Wednesday, July 20, 2022

Europe's mightiest river is drying up amid a record heatwave, causing shipping issues and deepening the continent's energy woes


An example of how climate disruption is contributing to inflation, in this case by increasing shipment costs and reducing supplies.


The River Rhine, one of Europe's most important rivers which is used to transport cargo including chemicals, grains, and coal across the continent, is drying up amid record-breaking summer heatwaves.

Germany's Federal Institute of Hydrology has warned that rivers in Central Europe are at "unusually low" levels and are continuing to fall.


Southwest Germany news outlet SWR reported that the low level of water is limiting shipping on the Rhine south of Duisburg and Cologne and that for days, freight ships haven't been able to travel fully-loaded.

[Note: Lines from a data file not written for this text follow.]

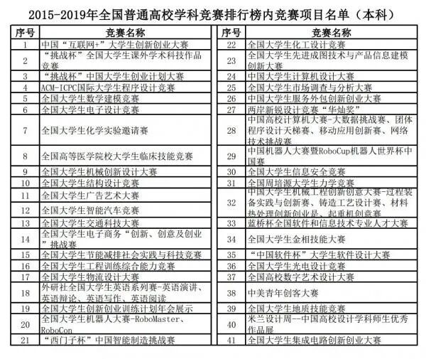 自2017年12月14日首次发布普通高校学科竞赛评估结果以来,中国高等教育学会《高校竞赛评估与管理体系研究》专家工作组已连续4年发布榜单,在社会上引起广泛关注。截至2019年,纳入本科学科竞赛排行榜的竞赛项目已增至41项,全国共1172所本科院校进入排行榜。
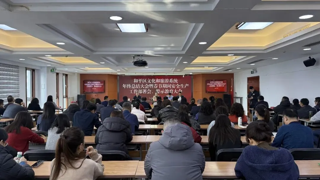 2月12日,和平区文化和旅游局组织召开全系统年终总结大会暨春节安全生产工作部署会、警示教育大会。会上,集中传达学习了市、区和市文旅局关于安全生产、正风肃纪和值班值守有关会议、文件精神,总结2025年我区文旅工作,对春节和全国“两会”期间文旅系统安全生产工作进行全面部署,并开展节前廉洁警示教育。区文旅局领导班子成员,局机关各科室、局属各单位及区文旅专班全体干部参加会议。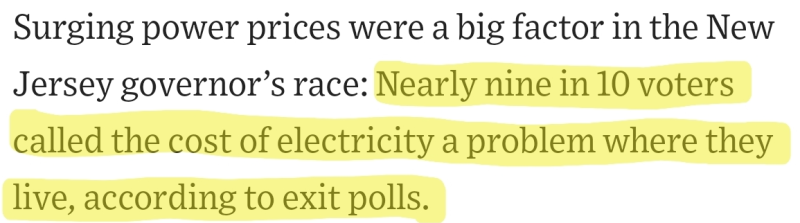 뉴저지 출구조사에서는 10명 중 9명의 유권자가 전기료의 급격한 인상을 문제로 지적했습니다. 이 부분은 AI 인프라와도 관련된 내용이니 별도의 포스트로 다루어 보도록 하고...

A representative for Germany's Federal Institute of Hydrology told Bloomberg that if the level at Kaub dips down to 40 centimeters (15.7 inches), it's uneconomical for vessels carrying commodities to sail past it given how little cargo they'd be able to carry.

The low water levels already impacting energy supplies. The supply of coal to two power stations in Germany – one in Mannheim and another in Karlsruhe – has been "affected" by low water levels in the Rhine since July 13, according to the EEX exchange.


 Low water levels on the Rhine having an economic impact has not been uncommon in recent years, with a lack of water in the river attributed in 2019 to causing a short-lived recession in Germany at the tail end of 2018.

Pantheon Macroeconomics said in January 2019 that low river levels effectively amount to a "supply shock in German manufacturing," by lowering the availability of key goods needed for the sector.